A larger spectrum (ex : 2000 - 4000 cm-1 , 1 isotope) is still out of reach with the limited 8 GB of GESIS, and I run out-of-memory at loading

Generated dataframe from /home/jovyan/.radisdb/hitemp/H2O-01_02000-02250_HITEMP2010.h5 in 31.88s (3283544 rows, 31 columns, 2068.63 MB) Generated dataframe from /home/jovyan/.radisdb/hitemp/H2O-01_02250-02500_HITEMP2010.h5 in 29.26s (2971420 rows, 31 columns, 1871.99 MB)

But 31 columns are loaded, most of them useless for equilibrium calculations, so it could quickly be optimized further.

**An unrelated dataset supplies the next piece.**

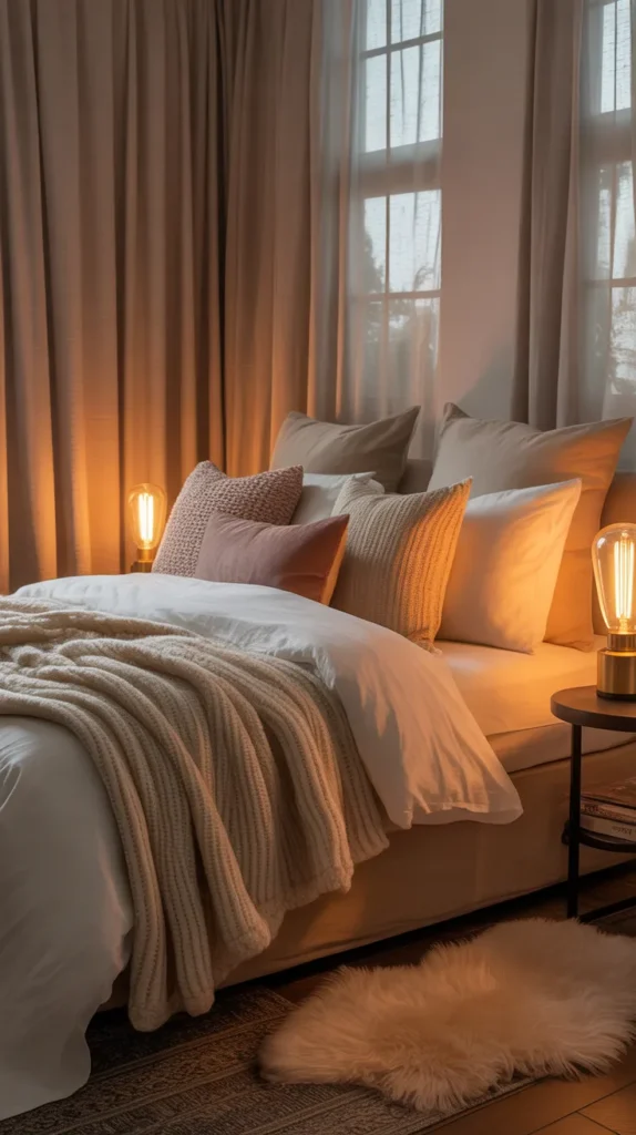 A cozy bedroom often includes fluffy pillows, velvet or cotton blankets, woven rugs, soft bedside lamps, and neutral tones. Adding candles, indoor plants, and soft curtains enhances serenity. Even in a small bedroom, cozy elements create warmth and comfort without overcrowding the space.

Index(['id', 'iso', 'wav', 'int', 'A', 'airbrd', 'selbrd', 'El', 'Tdpair',
       'Pshft', 'ierr', 'iref', 'lmix', 'gp', 'gpp', 'ju', 'Kau', 'Kcu', 'Fu',
       'symu', 'jl', 'Kal', 'Kcl', 'Fl', 'syml', 'v1u', 'v2u', 'v3u', 'v1l',
       'v2l', 'v3l'],
      dtype='object')
erwanp commented 2 years ago

@gagan-aryan with Radis version 0.12 the algorithm is even better: you can already compute much larger ranges. I tried the code above with the 2000 - 4000 cm-1 range and it worked. You can try to push it further.